Les juifs sont bien intégrés et assimilés. Ils éprouvent de la reconnaissance envers la Rep qui accordé l’égalité.
Durkheim, Bergson, Proust, Rothschild, Lazare, Citroën…

Intérêt pour l’ésotérisme. Ordre de Rose-Croix qui recherche contact divin par l’extase.

3. Pessimisme de la société

Une croissance inégalitaire

Les fruits de la croissance sont mal partagés.

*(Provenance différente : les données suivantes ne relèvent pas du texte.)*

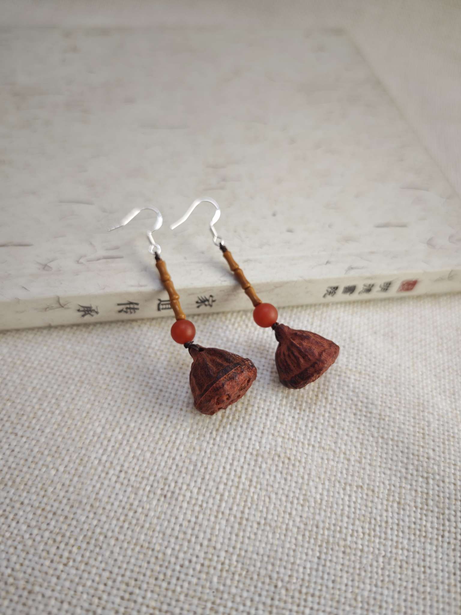 DIY handcrafted beads made of sandalwood lotus pods, olives and bamboo joints

Le travail féminin salarié profite peu de la croissance. Progression du nbre des ouvriers qui passe de 1,5 million en 1875 à + de 2 millions en 1905. Les femmes sont nombreuses dans l’industrie alimentaire, et dans manufactures. A Paris, près de 50% de la main d’oeuvre est féminine : couturières, brodeuses, lingères… Le travail féminin est sous rémunéré et les syndicats le dénoncent car ainsi il entre en concurrence avec celui des hommes.
Conditions de travail très pénibles malgré les progrès. Le repos hebdomadaire n’est accordé qu’en 1906. Les loyers montent car insuffisance de logements.

Renouveau de la lutte des classes dès 1905
Grèves ouvrières se durcissent. Malaise social.

Revendication du calcul du salaire sur temps de travail, d’une meilleure salubrité des conditions de travail. Baisse de la natalité.
La syndicalisation traduit la généralisation d’une conscience de classe.
En 1914 la CGT revendique 700 000 adhérents.

190 grèves en 1890.

1309 en 1906.

Le N minier, les ouvriers du textile sont très touchés. Les violences dans les grèves s’accentuent avec Clemenceau, à partir de 1907, dont l’intransigeance répressive lui vaut le surnom de 1er flic de France.

Pessimisme de la société marqué par une crise des valeurs

La culture dominante est rationaliste, positiviste, favorable au dvpt des sciences (scientiste). La dignité de l’homme réside dans sa raison, donc mépris de la sensibilité et de l’intuition. L’homme n’a plus besoin de religion car la science explique tout.
1898 : P. & M. Curie découvrent le Radium.